Assignment: Before printing the listing, strip out its pictures and keep everything else exact.

Data block:
----------

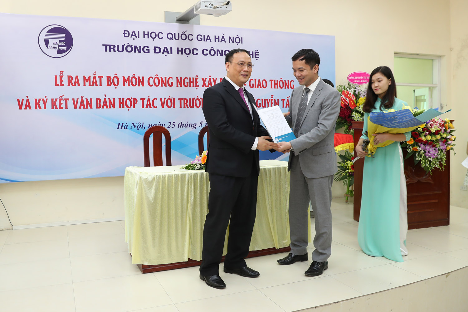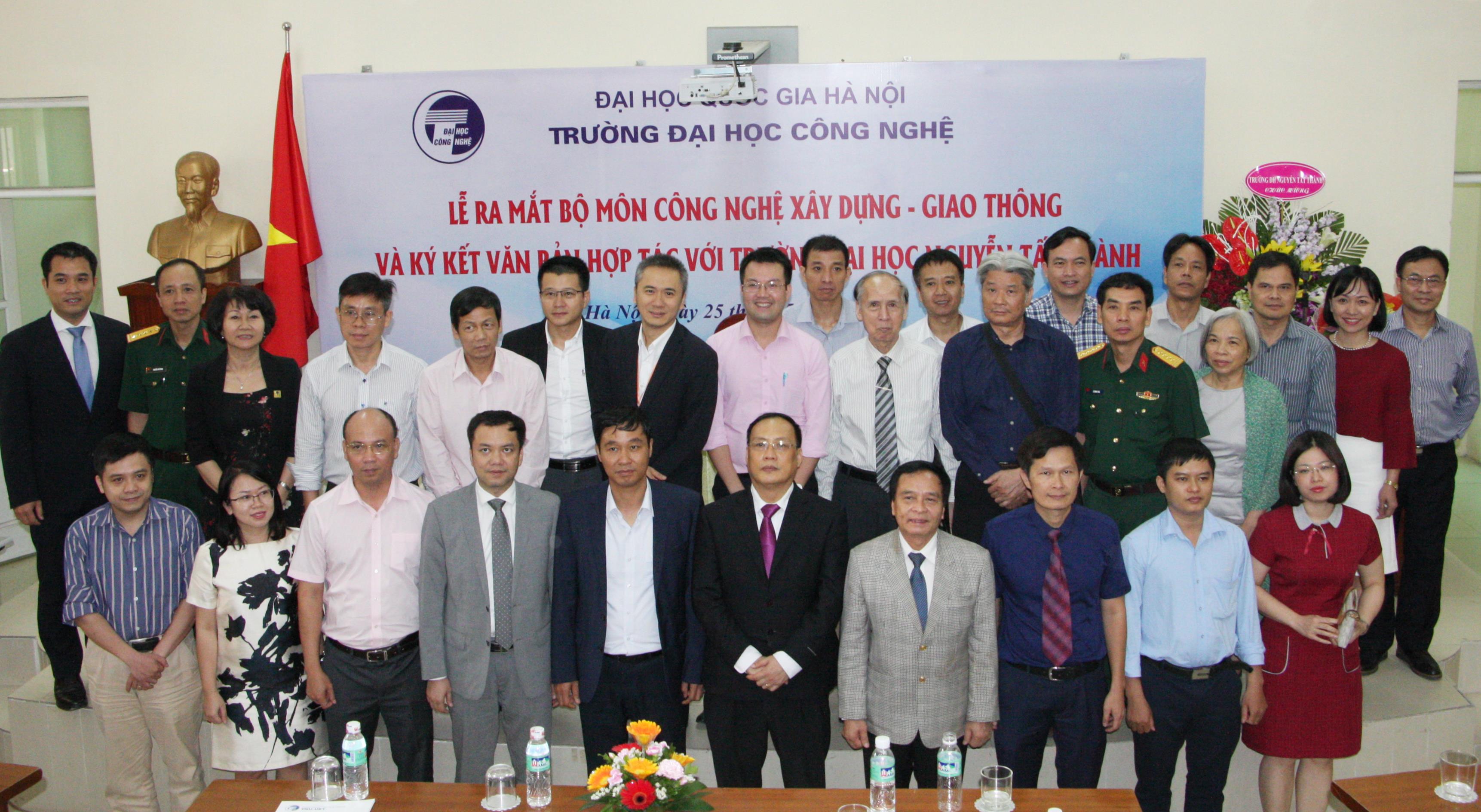 Nhân dịp kỷ niệm Ngày thành lập Trường 25/05/2004 – 25/05/2018, Trường Đại học Công nghệ (ĐHCN) – Đại học Quốc gia Hà Nội đã tổ chức Lễ ra mắt Bộ môn Công nghệ Xây dựng – Giao thông và ký kết hợp tác với Trường Đại học Nguyễn Tất Thành vào ngày 25/05/2018 tại nhà G3.
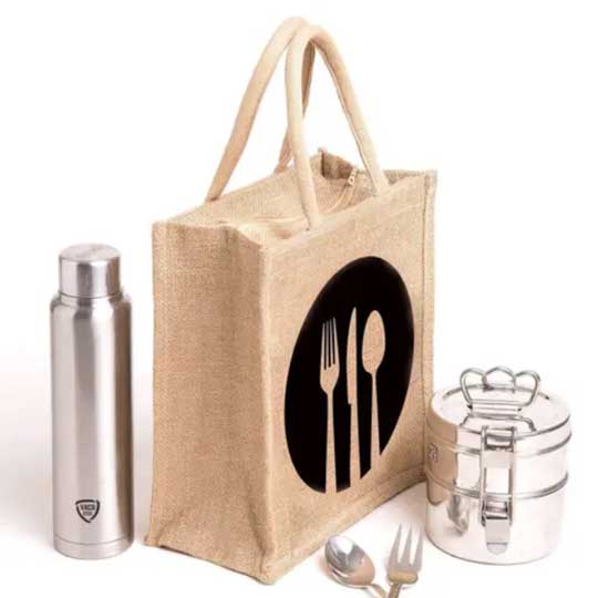 Designed for practicality and style, our jute tiffin bags are perfect for carrying lunch boxes. They are durable and easy to clean. With their rustic charm and practical design, our jute tiffin bags are perfect for daily use, while you're heading to work.
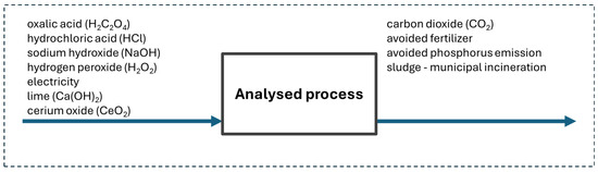 The system boundaries included the life cycle associated with the production of materials (chemicals) and electricity, as well as the generated wastewater sludge. The analysed system performs two main functions: wastewater treatment and phosphorus recovery. The multifunctionality issue was addressed by expanding the system boundaries—considering the avoided environmental impact associated with the production of phosphate(V) fertilisers. It was assumed that wastewater sludge is neutralised in a waste incineration plant. The system boundaries included in the analysis are illustrated in Figure 4.
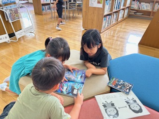 今週から学校の図書室が開館しています。いつも休み時間は「外で遊ぶのを楽しみにしている」という子がとても多いのですが、図書室で過ごす楽しさを知っている子も多いです。雨の日や、熱中症警戒のために外で遊べない日は、教室で過ごすのもいいですが、ぜひ図書室で本を手にしてほしいな、と思います。楽しい本たちがみんなの来館を待っています。

----------

Answer space:
 Nhân dịp kỷ niệm Ngày thành lập Trường 25/05/2004 – 25/05/2018, Trường Đại học Công nghệ (ĐHCN) – Đại học Quốc gia Hà Nội đã tổ chức Lễ ra mắt Bộ môn Công nghệ Xây dựng – Giao thông và ký kết hợp tác với Trường Đại học Nguyễn Tất Thành vào ngày 25/05/2018 tại nhà G3.
 Designed for practicality and style, our jute tiffin bags are perfect for carrying lunch boxes. They are durable and easy to clean. With their rustic charm and practical design, our jute tiffin bags are perfect for daily use, while you're heading to work.
 The system boundaries included the life cycle associated with the production of materials (chemicals) and electricity, as well as the generated wastewater sludge. The analysed system performs two main functions: wastewater treatment and phosphorus recovery. The multifunctionality issue was addressed by expanding the system boundaries—considering the avoided environmental impact associated with the production of phosphate(V) fertilisers. It was assumed that wastewater sludge is neutralised in a waste incineration plant. The system boundaries included in the analysis are illustrated in Figure 4.
 今週から学校の図書室が開館しています。いつも休み時間は「外で遊ぶのを楽しみにしている」という子がとても多いのですが、図書室で過ごす楽しさを知っている子も多いです。雨の日や、熱中症警戒のために外で遊べない日は、教室で過ごすのもいいですが、ぜひ図書室で本を手にしてほしいな、と思います。楽しい本たちがみんなの来館を待っています。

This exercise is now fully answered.